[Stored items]
--- START ---
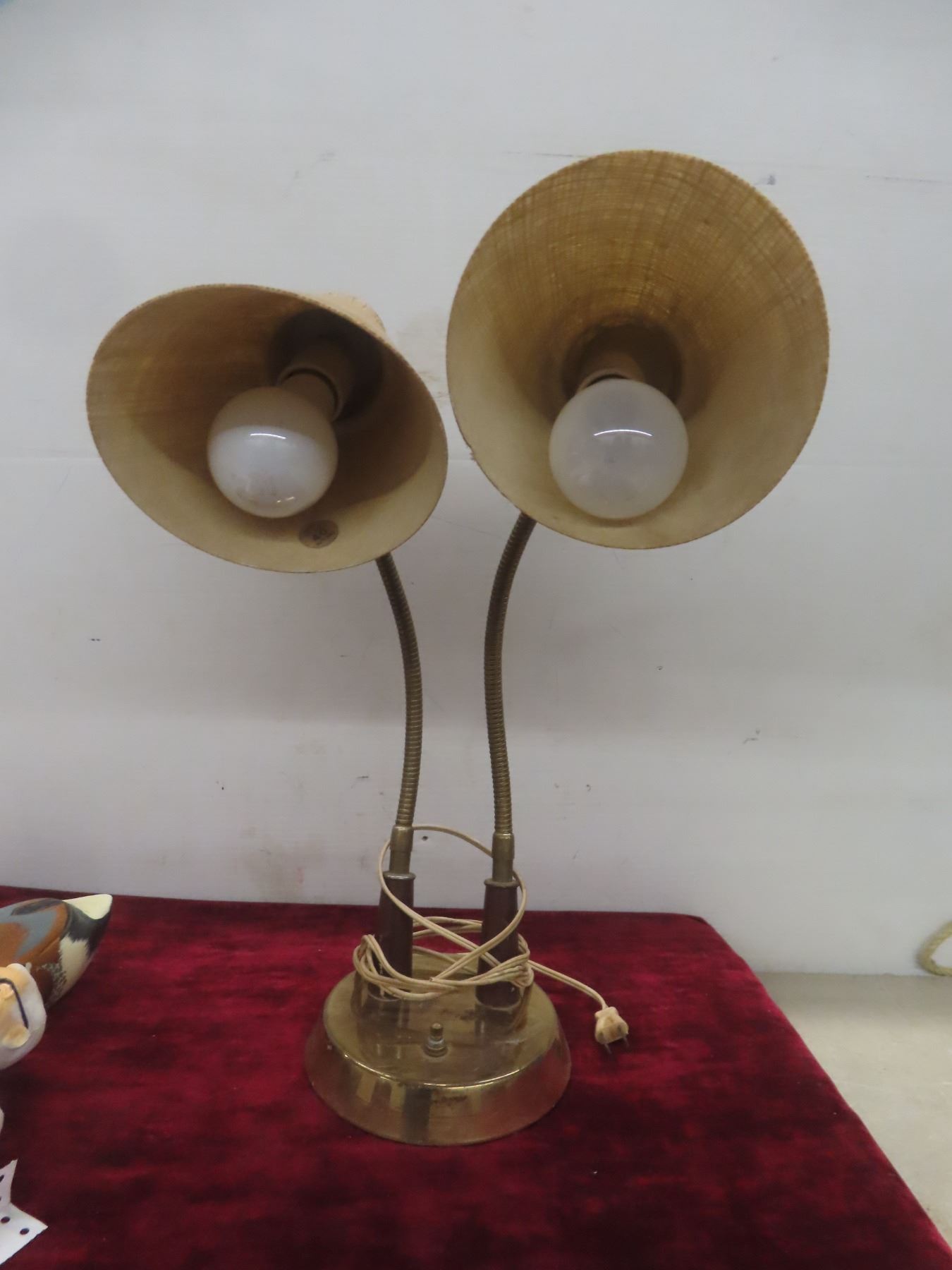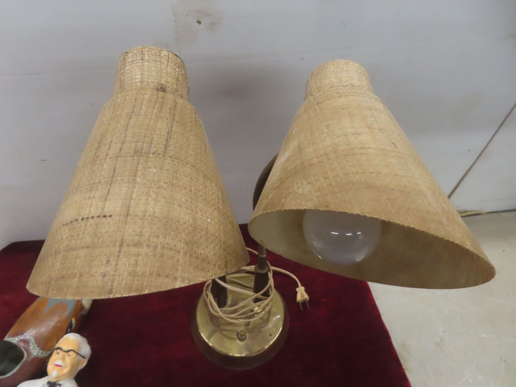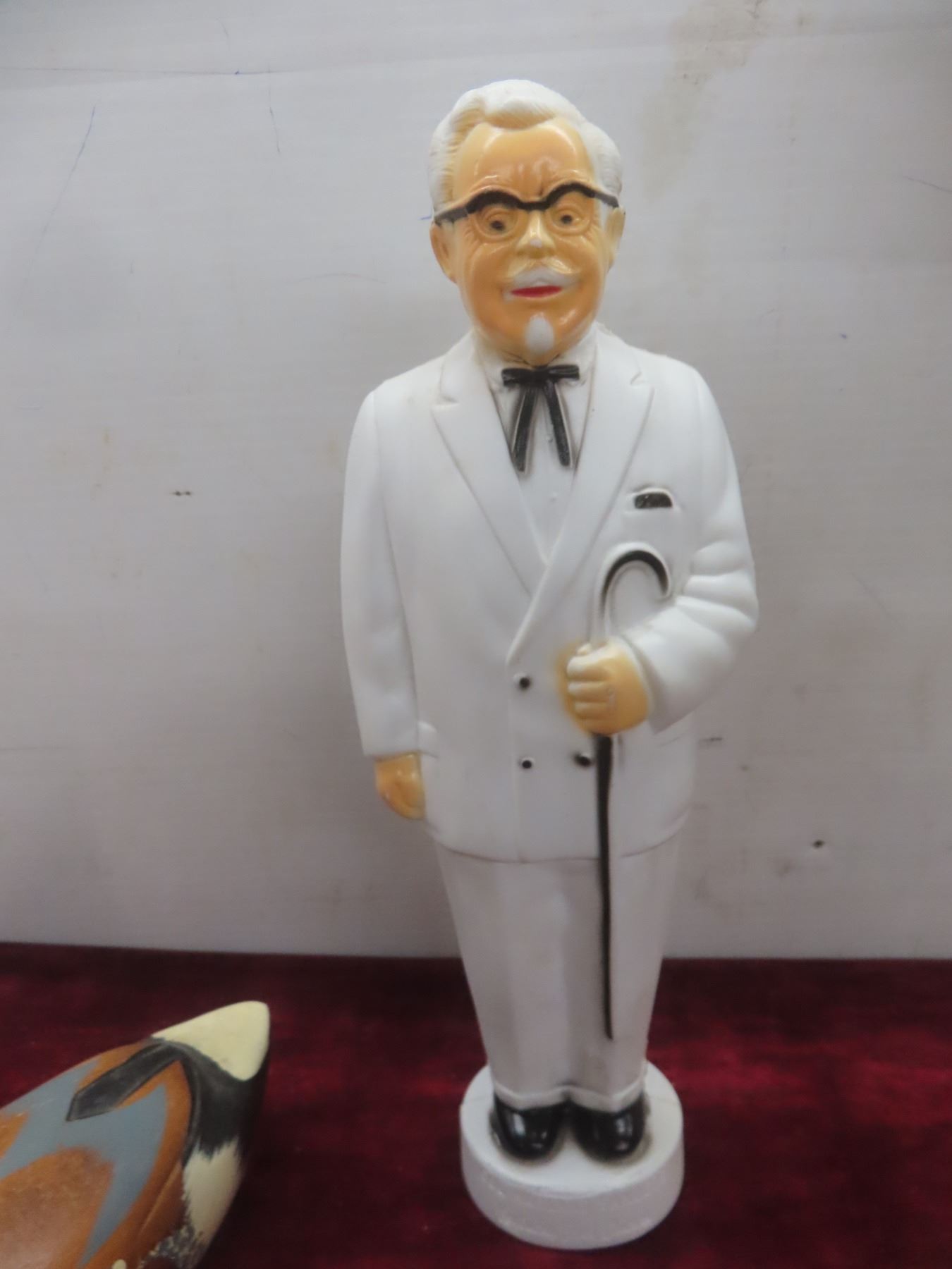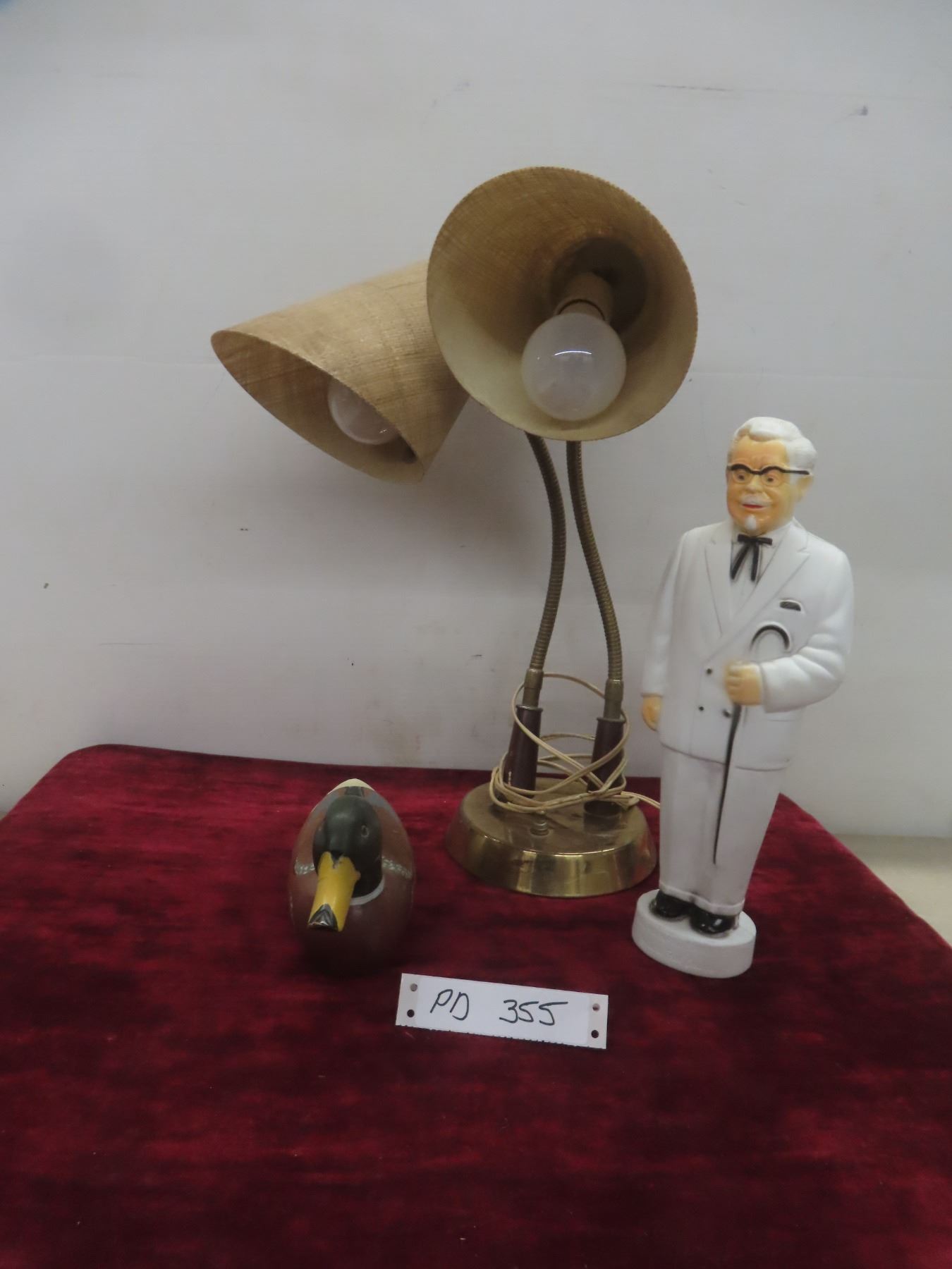 Vintage Desk Lamp; Wood Duck; And Colonel Sanders Plastic Bank.
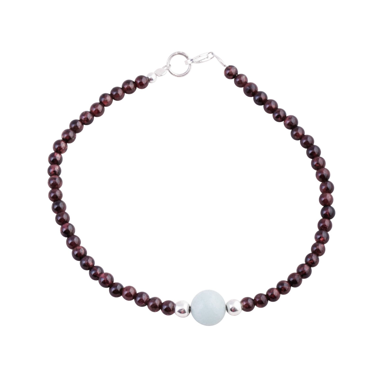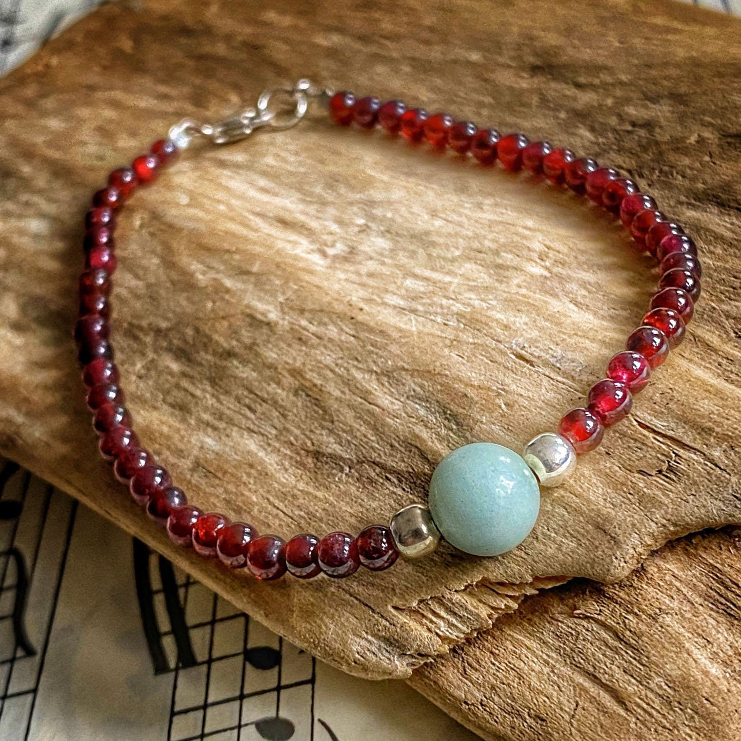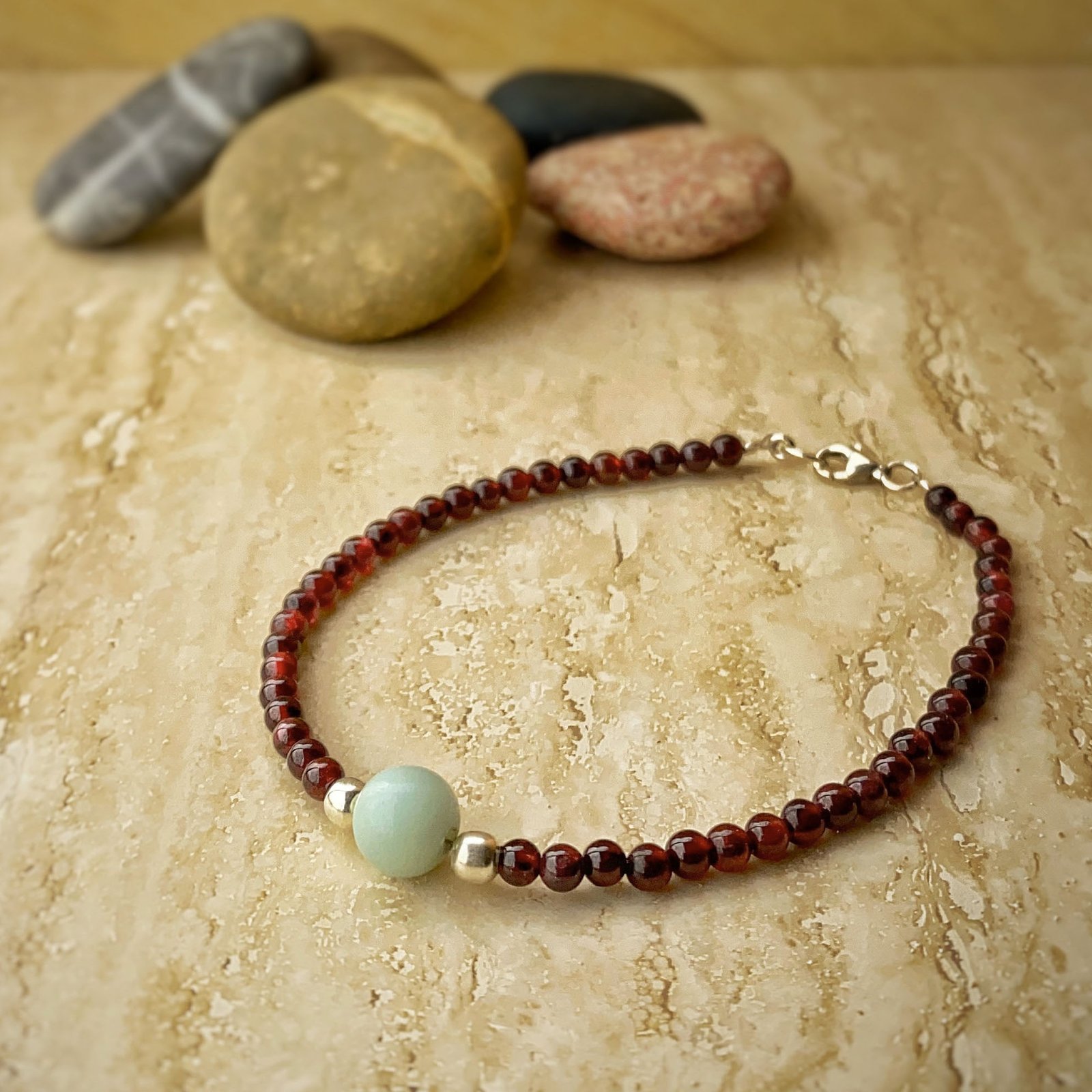 Pulsera Granate y Amazonita. Elaborada de manera artesanal en nuestro taller. Las piedras naturales se montan con cuidado para que luzcan todo su esplendor.
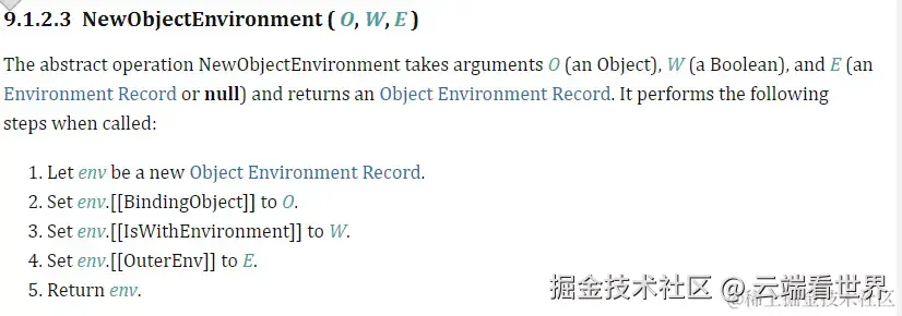 创建一个新的对象环境记录。 流程:新建一个环境记录,并对[[BindingObject]],[[IsWithEnvironment]],[[OuterEnv]]赋值。
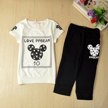 断码清仓 皮皮熊2016新款女童夏装短袖套装两件套中大童宽松
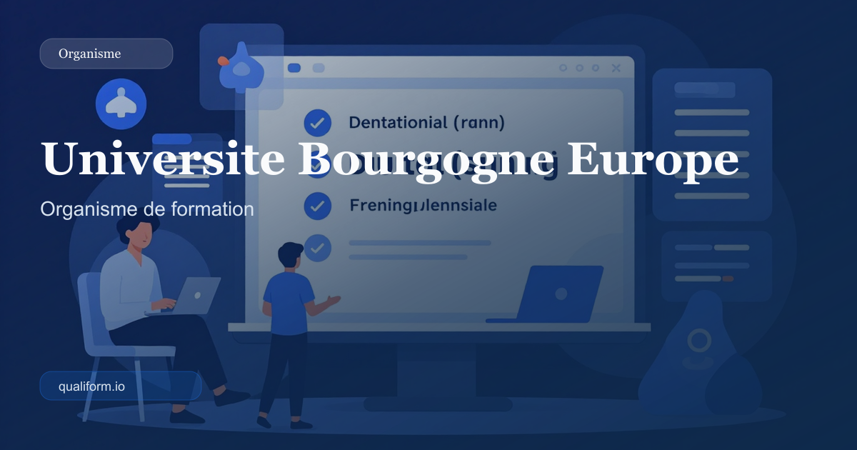 Faits administratifs et catalogue repéré UNIVERSITE BOURGOGNE EUROPE apparaît dans la base avec 9 formations publiées déjà reliées à la fiche. La fiche parent doit donc être lue d'abord comme un point d'entrée vers ce catalogue réel, pas comme une page institutionnelle autonome. SIRET : 93823061200013 NDA : 27210481021 Qualiopi : oui Ville rattachée : ESPLANADE ERASME MAISON DE L'UNIVERSITE Code postal : non renseigné Région : 27 Catalogue repéré : 9 formations Repères visibles: SIRET 93823061200013 ; NDA 27210481021 ; Qualiopi déclarée. Exemples de catalogue déjà publiés Diplôme d'accès aux études universitaires A (Littéraire) - presentiel - 1 300 € - preparation-entree-universite Diplôme d'accès aux études universitaires B (Scientifique) - presentiel - 2 000 € - preparation-entree-universite Diplôme d'état Infirmier en Pratique Avancée - Année 2 - Mention Psychiatrie et Santé Mentale - presentiel - 6 500 € - infirmier Licence 3ème année Mention administration économique et sociale - Parcours AGE - presentiel - 1 200 € - gestion-des-organisations Licence 3ème année Sociologie - presentiel - 1 200 € - sociologie Diplôme d'accès aux études universitaires A (Littéraire) fait partie de l'échantillon publié par UNIVERSITE BOURGOGNE EUROPE avec la certification Diplôme d'accès aux études universitaires (DAEU) (Fiche nationale). Dans le catalogue repéré, Diplôme d'accès aux études universitaires B (Scientifique) ressort avec presentiel, 2 000 € et preparation-entree-universite. Diplôme d'état Infirmier en Pratique Avancée - Année 2 - Mention Psychiatrie et Santé Mentale fait partie de l'échantillon publié par UNIVERSITE BOURGOGNE EUROPE avec la certification DE Infirmier en pratique avancée. Licence 3ème année Mention administration économique et sociale - Parcours AGE fait partie de l'échantillon publié par UNIVERSITE BOURGOGNE EUROPE. Licence 3ème année Sociologie fait partie de l'échantillon publié par UNIVERSITE BOURGOGNE EUROPE. L'échantillon montre déjà la combinaison des modalités presentiel, des domaines preparation-entree-universite, infirmier, gestion-des-organisations, sociologie, methode-physico-chimique-analyse et des prix observés entre 1 200 € à 6 500 €. Positionnement lisible à partir des formations Modalités repérées : presentiel Plage de prix observée : 1 200 € à 6 500 € Prix moyen sur l'échantillon : 2 696 € Domaines visibles : preparation-entree-universite, infirmier, gestion-des-organisations, sociologie, methode-physico-chimique-analyse Formations certifiantes vues : 4 Diplôme d'accès aux études universitaires (DAEU) (Fiche nationale) DE Infirmier en pratique avancée Licence Professionnelle Métiers de la GRH : formation, compétences et emploi (fiche nationale) diplôme accès études universitaires littéraire preparation entree universite daeu nationale scientifique état infirmier pratique avancée année mention psychiatrie Titres repérés dans l'échantillon: Diplôme d'accès aux études universitaires A (Littéraire); Diplôme d'accès aux études universitaires B (Scientifique); Diplôme d'état Infirmier en Pratique Avancée - Année 2 - Mention Psychiatrie et Santé Mentale; Licence 3ème année Mention administration économique et sociale - Parcours AGE; Licence 3ème année Sociologie; Licence 3 Mention Sciences de la Vigne et du Vin - Parcours Sciences de la vigne et de la viticulture durable; Licence professionnelle Mention métiers de la GRH : Formation, Compétences et emploi - Parcours formateur en milieu professionnel; MASTER 2ème année Mention économie de la santé - Parcours management et évaluation dans les organisations de santé (MEOS en 1 an). Sur cet échantillon, UNIVERSITE BOURGOGNE EUROPE montre déjà une logique de catalogue précise: les modalités presentiel, des prix observables entre 1 200 € à 6 500 € et des domaines comme preparation-entree-universite, infirmier, gestion-des-organisations, sociologie. Dans l'échantillon visible, UNIVERSITE BOURGOGNE EUROPE aligne déjà Diplôme d'accès aux études universitaires A (Littéraire), Diplôme d'accès aux études universitaires B (Scientifique) et Diplôme d'état Infirmier en Pratique Avancée - Année 2 - Mention Psychiatrie et Santé Mentale. Même limité, cet assemblage donne un angle catalogue concret qui évite de réduire l'organisme à sa seule fiche administrative. Les domaines repérés restent preparation-entree-universite, infirmier, gestion-des-organisations et sociologie. Cette combinaison doit guider la lecture du catalogue avant toute généralisation sur des spécialités qui ne sont pas visibles dans le snapshot retenu. Le repère géographique exploitable reste ESPLANADE ERASME MAISON DE L'UNIVERSITE, département 21, région 27. Ce signal est utile pour distinguer cette fiche d'autres têtes de réseau proches. Le rattachement universitaire visible dans le nom place la fiche dans une logique d'établissement d'enseignement supérieur. Les formations liées doivent donc être lues comme des parcours académiques ou diplômants avant d'être comparées à des stages courts de centre privé. Toutes les modalités visibles dans cet échantillon relèvent actuellement du presentiel. Ce constat ne vaut que pour les lignes observées, mais il fournit un repère immédiat sur l'organisation de l'offre publiée.
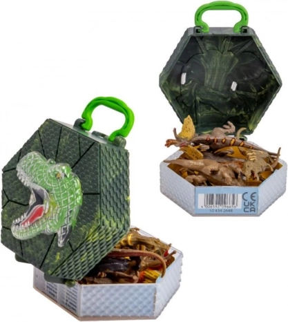 - Figurice dinozavrov v škatli z ročajem za prenašanje
--- END ---
What is being asked -> Each word of the data should be repeated exactly, and the pictures left out.

Response to this task ->
 Vintage Desk Lamp; Wood Duck; And Colonel Sanders Plastic Bank.
 Pulsera Granate y Amazonita. Elaborada de manera artesanal en nuestro taller. Las piedras naturales se montan con cuidado para que luzcan todo su esplendor.
 创建一个新的对象环境记录。 流程:新建一个环境记录,并对[[BindingObject]],[[IsWithEnvironment]],[[OuterEnv]]赋值。
 断码清仓 皮皮熊2016新款女童夏装短袖套装两件套中大童宽松
 Faits administratifs et catalogue repéré UNIVERSITE BOURGOGNE EUROPE apparaît dans la base avec 9 formations publiées déjà reliées à la fiche. La fiche parent doit donc être lue d'abord comme un point d'entrée vers ce catalogue réel, pas comme une page institutionnelle autonome. SIRET : 93823061200013 NDA : 27210481021 Qualiopi : oui Ville rattachée : ESPLANADE ERASME MAISON DE L'UNIVERSITE Code postal : non renseigné Région : 27 Catalogue repéré : 9 formations Repères visibles: SIRET 93823061200013 ; NDA 27210481021 ; Qualiopi déclarée. Exemples de catalogue déjà publiés Diplôme d'accès aux études universitaires A (Littéraire) - presentiel - 1 300 € - preparation-entree-universite Diplôme d'accès aux études universitaires B (Scientifique) - presentiel - 2 000 € - preparation-entree-universite Diplôme d'état Infirmier en Pratique Avancée - Année 2 - Mention Psychiatrie et Santé Mentale - presentiel - 6 500 € - infirmier Licence 3ème année Mention administration économique et sociale - Parcours AGE - presentiel - 1 200 € - gestion-des-organisations Licence 3ème année Sociologie - presentiel - 1 200 € - sociologie Diplôme d'accès aux études universitaires A (Littéraire) fait partie de l'échantillon publié par UNIVERSITE BOURGOGNE EUROPE avec la certification Diplôme d'accès aux études universitaires (DAEU) (Fiche nationale). Dans le catalogue repéré, Diplôme d'accès aux études universitaires B (Scientifique) ressort avec presentiel, 2 000 € et preparation-entree-universite. Diplôme d'état Infirmier en Pratique Avancée - Année 2 - Mention Psychiatrie et Santé Mentale fait partie de l'échantillon publié par UNIVERSITE BOURGOGNE EUROPE avec la certification DE Infirmier en pratique avancée. Licence 3ème année Mention administration économique et sociale - Parcours AGE fait partie de l'échantillon publié par UNIVERSITE BOURGOGNE EUROPE. Licence 3ème année Sociologie fait partie de l'échantillon publié par UNIVERSITE BOURGOGNE EUROPE. L'échantillon montre déjà la combinaison des modalités presentiel, des domaines preparation-entree-universite, infirmier, gestion-des-organisations, sociologie, methode-physico-chimique-analyse et des prix observés entre 1 200 € à 6 500 €. Positionnement lisible à partir des formations Modalités repérées : presentiel Plage de prix observée : 1 200 € à 6 500 € Prix moyen sur l'échantillon : 2 696 € Domaines visibles : preparation-entree-universite, infirmier, gestion-des-organisations, sociologie, methode-physico-chimique-analyse Formations certifiantes vues : 4 Diplôme d'accès aux études universitaires (DAEU) (Fiche nationale) DE Infirmier en pratique avancée Licence Professionnelle Métiers de la GRH : formation, compétences et emploi (fiche nationale) diplôme accès études universitaires littéraire preparation entree universite daeu nationale scientifique état infirmier pratique avancée année mention psychiatrie Titres repérés dans l'échantillon: Diplôme d'accès aux études universitaires A (Littéraire); Diplôme d'accès aux études universitaires B (Scientifique); Diplôme d'état Infirmier en Pratique Avancée - Année 2 - Mention Psychiatrie et Santé Mentale; Licence 3ème année Mention administration économique et sociale - Parcours AGE; Licence 3ème année Sociologie; Licence 3 Mention Sciences de la Vigne et du Vin - Parcours Sciences de la vigne et de la viticulture durable; Licence professionnelle Mention métiers de la GRH : Formation, Compétences et emploi - Parcours formateur en milieu professionnel; MASTER 2ème année Mention économie de la santé - Parcours management et évaluation dans les organisations de santé (MEOS en 1 an). Sur cet échantillon, UNIVERSITE BOURGOGNE EUROPE montre déjà une logique de catalogue précise: les modalités presentiel, des prix observables entre 1 200 € à 6 500 € et des domaines comme preparation-entree-universite, infirmier, gestion-des-organisations, sociologie. Dans l'échantillon visible, UNIVERSITE BOURGOGNE EUROPE aligne déjà Diplôme d'accès aux études universitaires A (Littéraire), Diplôme d'accès aux études universitaires B (Scientifique) et Diplôme d'état Infirmier en Pratique Avancée - Année 2 - Mention Psychiatrie et Santé Mentale. Même limité, cet assemblage donne un angle catalogue concret qui évite de réduire l'organisme à sa seule fiche administrative. Les domaines repérés restent preparation-entree-universite, infirmier, gestion-des-organisations et sociologie. Cette combinaison doit guider la lecture du catalogue avant toute généralisation sur des spécialités qui ne sont pas visibles dans le snapshot retenu. Le repère géographique exploitable reste ESPLANADE ERASME MAISON DE L'UNIVERSITE, département 21, région 27. Ce signal est utile pour distinguer cette fiche d'autres têtes de réseau proches. Le rattachement universitaire visible dans le nom place la fiche dans une logique d'établissement d'enseignement supérieur. Les formations liées doivent donc être lues comme des parcours académiques ou diplômants avant d'être comparées à des stages courts de centre privé. Toutes les modalités visibles dans cet échantillon relèvent actuellement du presentiel. Ce constat ne vaut que pour les lignes observées, mais il fournit un repère immédiat sur l'organisation de l'offre publiée.
 - Figurice dinozavrov v škatli z ročajem za prenašanje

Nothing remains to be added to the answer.